Soon after Russia invaded Ukraine, the EU prohibited, directly or indirectly, the import and purchase of certain Russian steel products. In 2021, Russia had exported 15.9 million tonnes of semi-finished steel and 16.8 million tonnes of finished steel worldwide.
Last March, reports emerged that steel prices were surging across Europe, as companies slowed or stopped production due to increased energy costs.
This is not solely down to the Russia-Ukraine war. Back in July 2021, Seopan, Spain’s construction and infrastructure company association, announced that long steel prices were up 78 per cent since the beginning of the year and that some contracting companies faced price increases of more than 100 per cent. In November 2021, a study by the Spanish National Construction Confederation found that the price increases have raised the total cost of building work in Spain by 22.2 per cent.
“External factors like these are beyond a constructor’s control,” says Rob Amphlett, UK sports lead at Buro Happold, who designed the retractable pitch for Tottenham. “The only thing you can do [as constructors contracted into an existing project] is to make more of what is already in the stadium, rather than rely on new materials; for instance reuse more of the steel you already have, rather than buy new.”
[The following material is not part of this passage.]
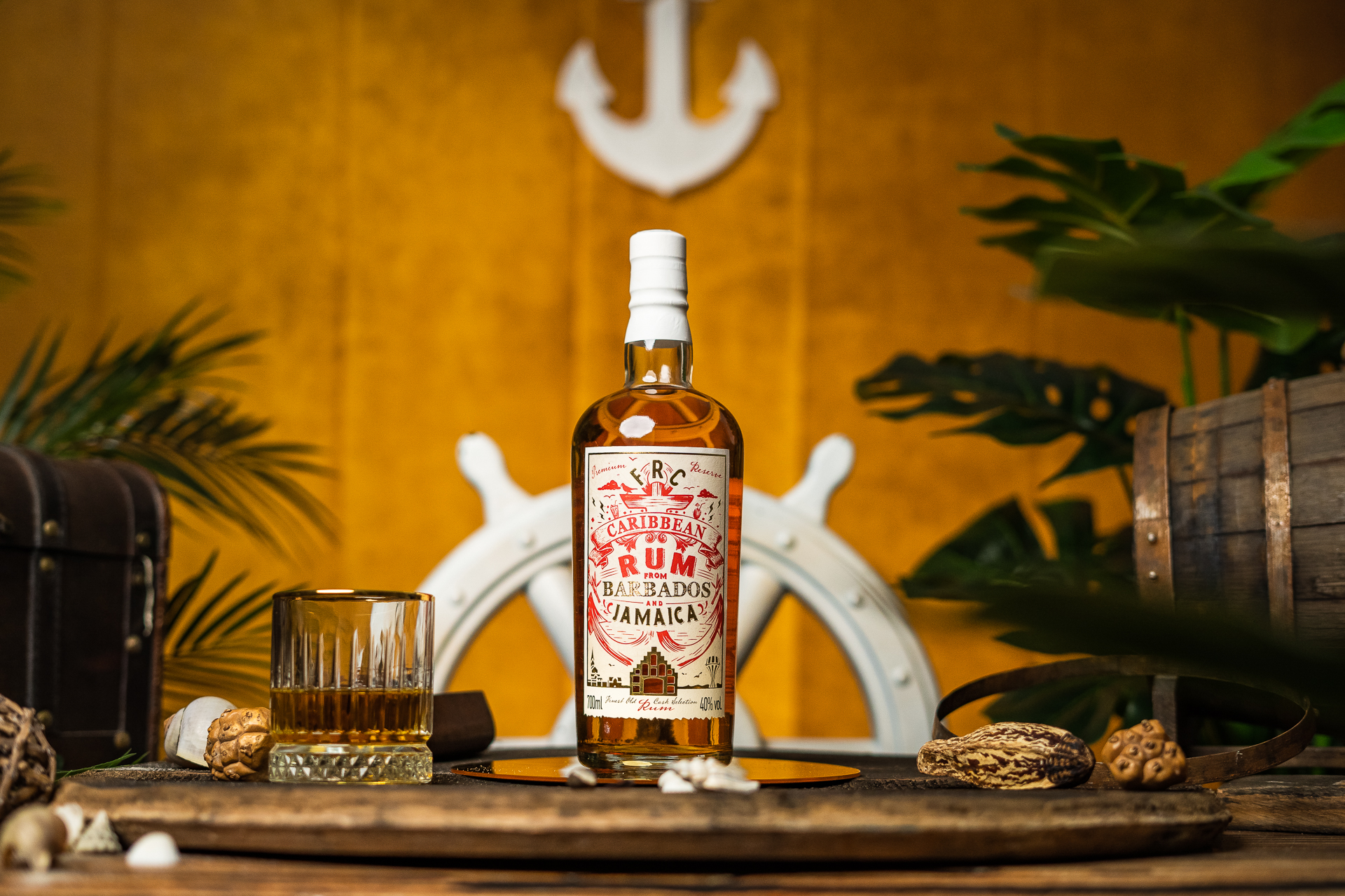 Der direkt sichtbare Inhalt ist in seiner Rezeptur unverändert: „FRC Caribbean Rum from Barbados & Jamaica“ ist und bleibt ein intensiv tropisch-fruchtiger Blend, mit Noten von Kokos, Vanille und würzigem Holz sowie der Süße von Gebäck und Schokolade. Traditionell sowohl in kontinuierlich wie in Pot Stills destilliert, reifen seine Rum-Sorten für fünf Jahre im tropischen Klima zur Premium-Zutat für pure Genussmomente und edle Drinks. Ohne Farbstoffe abgefüllt, kommt der Rum in der neuen Flasche angemessen zur Geltung. Einen Wink an die Vergangenheit bildet dabei die foliengeprägte Hausfassade im unteren Teil des edlen Etiketts: Schaut man hindurch, fällt der Blick auf das alte Flensburg.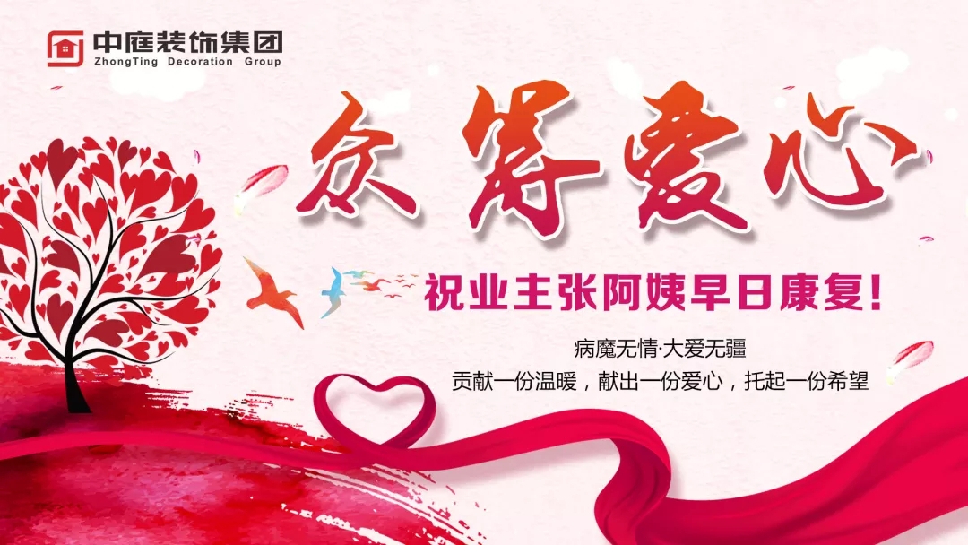 集團總裁丁胡先生向全體員工號召,為張阿姨獻出一份愛心。捐款不分多少,貴在有份愛心,只要我們人人都能付出一點愛、將小愛匯聚成大愛,大愛必定驅趕病魔,大愛定能早日治愈張阿姨的疾病。

That’s easier to do when the stadium isn’t being used during construction.
Amphlett explains that the complexity of the Madrid project means that Real are likely to be harder hit by external factors. “It is about as ambitious as you can get – new pitch, roof, façade, reusing a lot of what’s already there (as opposed to building from scratch), and doing all this while the stadium is being used,” he says.
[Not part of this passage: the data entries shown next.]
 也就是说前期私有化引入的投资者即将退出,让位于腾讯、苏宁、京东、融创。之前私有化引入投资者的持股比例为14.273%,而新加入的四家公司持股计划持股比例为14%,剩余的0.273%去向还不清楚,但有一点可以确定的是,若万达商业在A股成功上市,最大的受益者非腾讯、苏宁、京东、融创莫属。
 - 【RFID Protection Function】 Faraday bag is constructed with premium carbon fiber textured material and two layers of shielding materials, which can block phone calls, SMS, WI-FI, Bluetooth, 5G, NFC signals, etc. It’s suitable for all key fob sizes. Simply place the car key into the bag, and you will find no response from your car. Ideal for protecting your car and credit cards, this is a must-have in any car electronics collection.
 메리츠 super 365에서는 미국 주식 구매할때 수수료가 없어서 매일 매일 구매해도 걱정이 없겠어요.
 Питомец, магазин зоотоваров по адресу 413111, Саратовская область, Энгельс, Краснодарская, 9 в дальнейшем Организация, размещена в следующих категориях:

Tottenham played at Wembley while the majority of their stadium was being built, but contractors were still around when the team returned from their 18-month hiatus.
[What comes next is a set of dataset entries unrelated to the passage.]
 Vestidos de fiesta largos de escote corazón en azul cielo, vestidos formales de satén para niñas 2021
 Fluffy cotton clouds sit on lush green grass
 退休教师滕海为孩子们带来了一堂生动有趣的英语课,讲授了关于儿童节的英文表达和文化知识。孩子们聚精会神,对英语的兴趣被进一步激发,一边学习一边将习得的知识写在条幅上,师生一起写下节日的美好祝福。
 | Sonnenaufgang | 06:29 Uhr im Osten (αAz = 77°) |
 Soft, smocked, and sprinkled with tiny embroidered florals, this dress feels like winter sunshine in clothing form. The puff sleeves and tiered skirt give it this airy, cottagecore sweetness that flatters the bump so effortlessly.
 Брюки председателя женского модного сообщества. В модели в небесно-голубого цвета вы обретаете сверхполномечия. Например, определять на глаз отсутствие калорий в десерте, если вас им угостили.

“The important thing in this situation is to sync club and construction operations, so everyone knows where everyone is and what everyone needs – where crowds and logistics are coming in and out,” Amphlett says. “Issues like these need to be considered at the outset, at the design phase.”
At Real it continues to be a delicate balancing act. Club officials must continue to work out how best to maximise current revenue, keep costs and timescales down, and minimise disruption to Carlo Ancelotti’s team, who, renovations or no renovations, will once again be expected to win La Liga, the Copa Del Ray and the Champions League this season.